== Data to examine

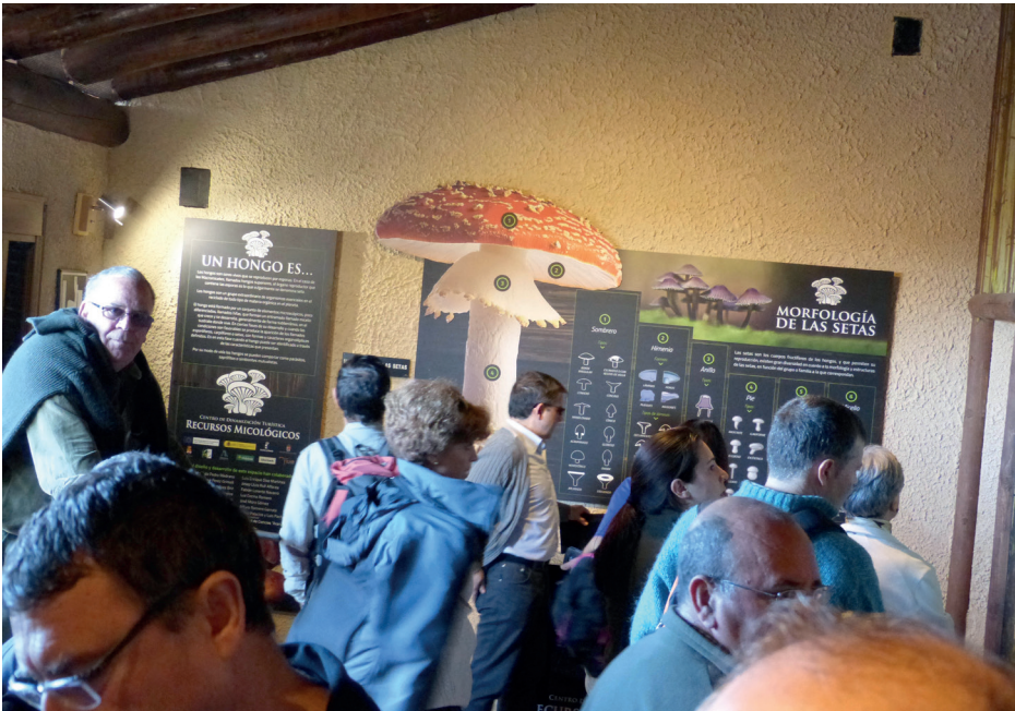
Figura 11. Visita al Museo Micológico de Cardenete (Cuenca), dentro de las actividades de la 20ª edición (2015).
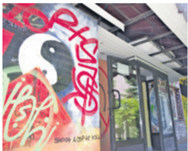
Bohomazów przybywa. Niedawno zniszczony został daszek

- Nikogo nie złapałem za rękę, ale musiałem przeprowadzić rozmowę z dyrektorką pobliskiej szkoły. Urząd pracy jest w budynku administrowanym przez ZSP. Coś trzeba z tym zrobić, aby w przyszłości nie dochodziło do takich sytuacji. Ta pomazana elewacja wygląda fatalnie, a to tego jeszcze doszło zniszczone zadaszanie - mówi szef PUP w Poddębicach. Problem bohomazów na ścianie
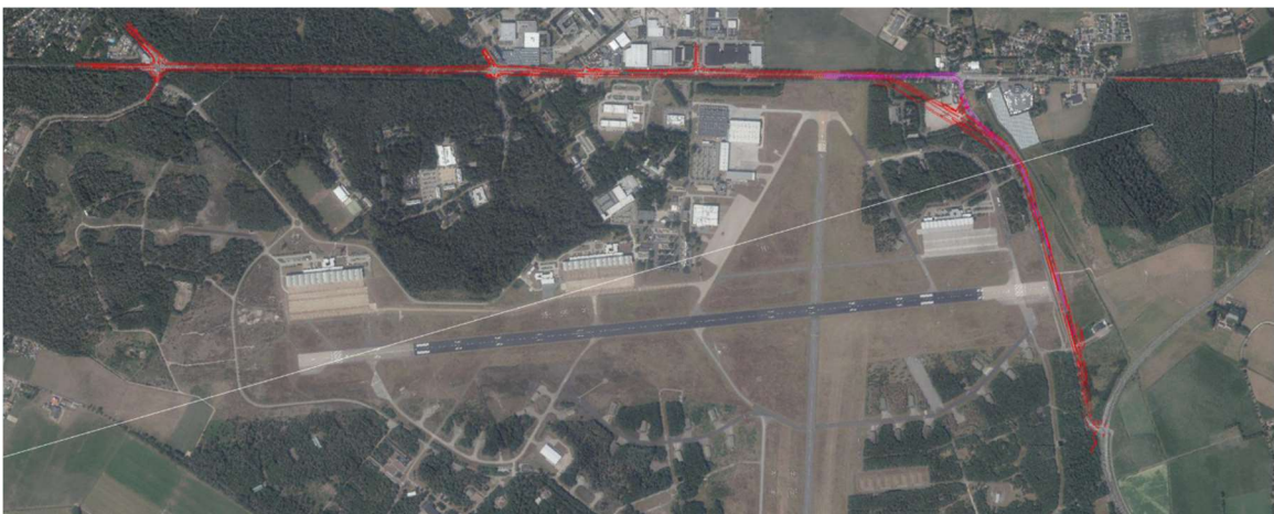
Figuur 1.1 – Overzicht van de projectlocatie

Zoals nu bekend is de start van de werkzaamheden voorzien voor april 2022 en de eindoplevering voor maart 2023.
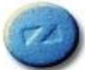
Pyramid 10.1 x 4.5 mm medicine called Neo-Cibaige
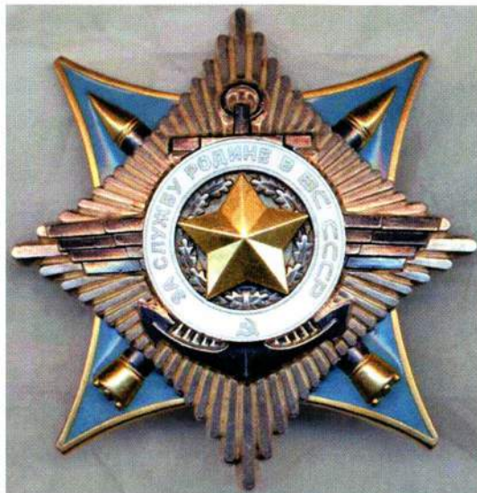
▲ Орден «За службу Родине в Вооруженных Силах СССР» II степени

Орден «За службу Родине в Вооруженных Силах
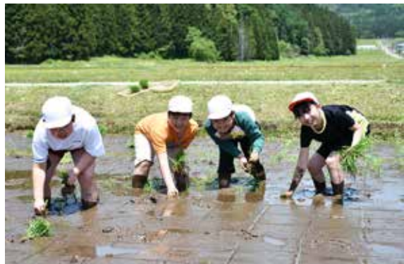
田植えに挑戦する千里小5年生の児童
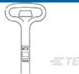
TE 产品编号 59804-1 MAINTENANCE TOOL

====
== Data to examine

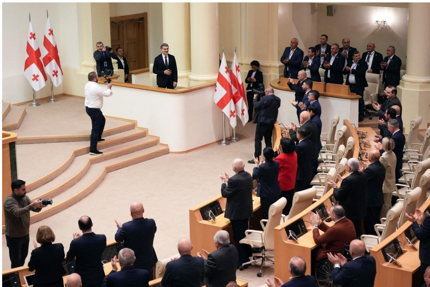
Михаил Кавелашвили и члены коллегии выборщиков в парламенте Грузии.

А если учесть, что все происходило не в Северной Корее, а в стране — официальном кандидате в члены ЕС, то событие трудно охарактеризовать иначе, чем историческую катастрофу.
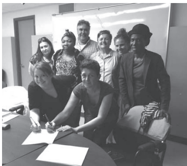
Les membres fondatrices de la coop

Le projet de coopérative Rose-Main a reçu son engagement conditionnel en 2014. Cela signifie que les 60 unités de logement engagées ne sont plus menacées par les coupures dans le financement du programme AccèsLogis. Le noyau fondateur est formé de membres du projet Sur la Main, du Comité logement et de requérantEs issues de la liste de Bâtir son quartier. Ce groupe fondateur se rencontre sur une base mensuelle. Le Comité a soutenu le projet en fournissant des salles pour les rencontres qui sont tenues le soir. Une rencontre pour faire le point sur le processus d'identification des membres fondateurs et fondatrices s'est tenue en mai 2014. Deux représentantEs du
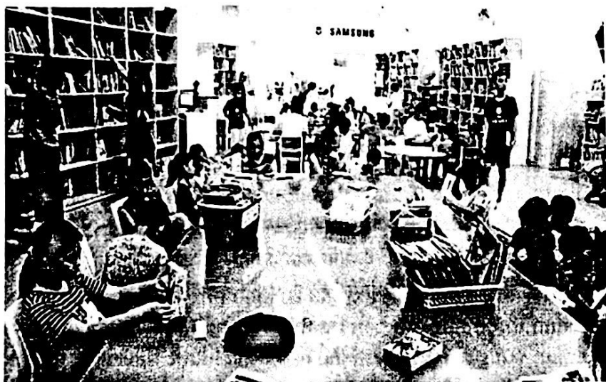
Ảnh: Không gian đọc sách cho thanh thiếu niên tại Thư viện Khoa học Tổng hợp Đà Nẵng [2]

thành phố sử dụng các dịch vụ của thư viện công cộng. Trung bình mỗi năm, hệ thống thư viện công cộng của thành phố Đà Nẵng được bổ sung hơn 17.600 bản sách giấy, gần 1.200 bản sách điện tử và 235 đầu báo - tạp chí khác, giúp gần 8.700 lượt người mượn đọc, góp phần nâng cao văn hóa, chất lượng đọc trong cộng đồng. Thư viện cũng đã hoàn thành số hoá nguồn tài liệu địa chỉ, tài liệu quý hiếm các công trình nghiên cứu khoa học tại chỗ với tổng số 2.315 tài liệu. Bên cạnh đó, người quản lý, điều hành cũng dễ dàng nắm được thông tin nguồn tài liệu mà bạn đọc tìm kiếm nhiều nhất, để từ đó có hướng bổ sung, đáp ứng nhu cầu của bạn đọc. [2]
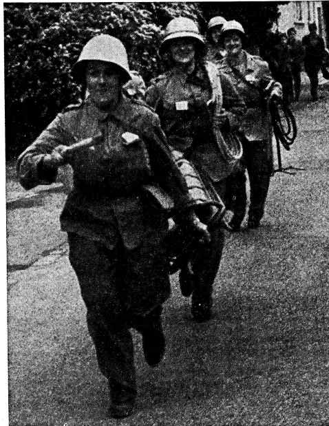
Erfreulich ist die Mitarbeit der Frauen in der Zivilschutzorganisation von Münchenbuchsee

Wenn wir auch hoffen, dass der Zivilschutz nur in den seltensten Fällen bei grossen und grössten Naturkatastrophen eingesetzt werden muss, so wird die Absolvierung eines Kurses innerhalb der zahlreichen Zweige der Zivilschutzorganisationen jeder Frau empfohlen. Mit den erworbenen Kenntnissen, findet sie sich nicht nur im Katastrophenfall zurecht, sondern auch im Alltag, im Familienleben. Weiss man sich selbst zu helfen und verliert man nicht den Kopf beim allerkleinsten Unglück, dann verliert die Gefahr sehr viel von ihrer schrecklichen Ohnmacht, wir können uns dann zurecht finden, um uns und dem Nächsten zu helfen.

====

◆ **Task to carry out**:
Where does the word "Орден" appear in the records? Copy every line that holds it.

◆ **Response area**:
▲ Орден «За службу Родине в Вооруженных Силах СССР» II степени
Орден «За службу Родине в Вооруженных Силах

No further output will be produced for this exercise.